■ ASSIGNMENT ■
From the listing below, reproduce word for word the part that opens with the line containing "С членами сборной" and closes with the line containing "AP课程包括艺术、科学、数学"; reproduce nothing else.

■ RAW DATA ■

^^^^

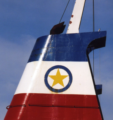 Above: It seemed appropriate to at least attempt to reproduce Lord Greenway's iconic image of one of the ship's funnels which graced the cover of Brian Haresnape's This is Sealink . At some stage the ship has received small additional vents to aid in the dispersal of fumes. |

^^^^

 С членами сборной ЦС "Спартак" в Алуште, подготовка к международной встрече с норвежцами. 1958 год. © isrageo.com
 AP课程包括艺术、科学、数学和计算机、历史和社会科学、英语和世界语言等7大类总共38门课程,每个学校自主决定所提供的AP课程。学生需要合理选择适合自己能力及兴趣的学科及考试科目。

^^^^

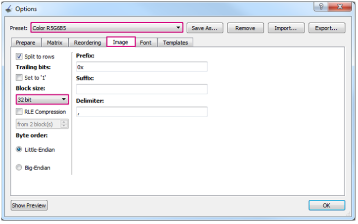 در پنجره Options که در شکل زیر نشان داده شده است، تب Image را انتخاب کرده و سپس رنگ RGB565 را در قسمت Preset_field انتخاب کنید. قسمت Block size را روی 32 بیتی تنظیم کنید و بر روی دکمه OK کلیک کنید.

^^^^

■ EXERCISE RESULT ■
 С членами сборной ЦС "Спартак" в Алуште, подготовка к международной встрече с норвежцами. 1958 год. © isrageo.com
 AP课程包括艺术、科学、数学和计算机、历史和社会科学、英语和世界语言等7大类总共38门课程,每个学校自主决定所提供的AP课程。学生需要合理选择适合自己能力及兴趣的学科及考试科目。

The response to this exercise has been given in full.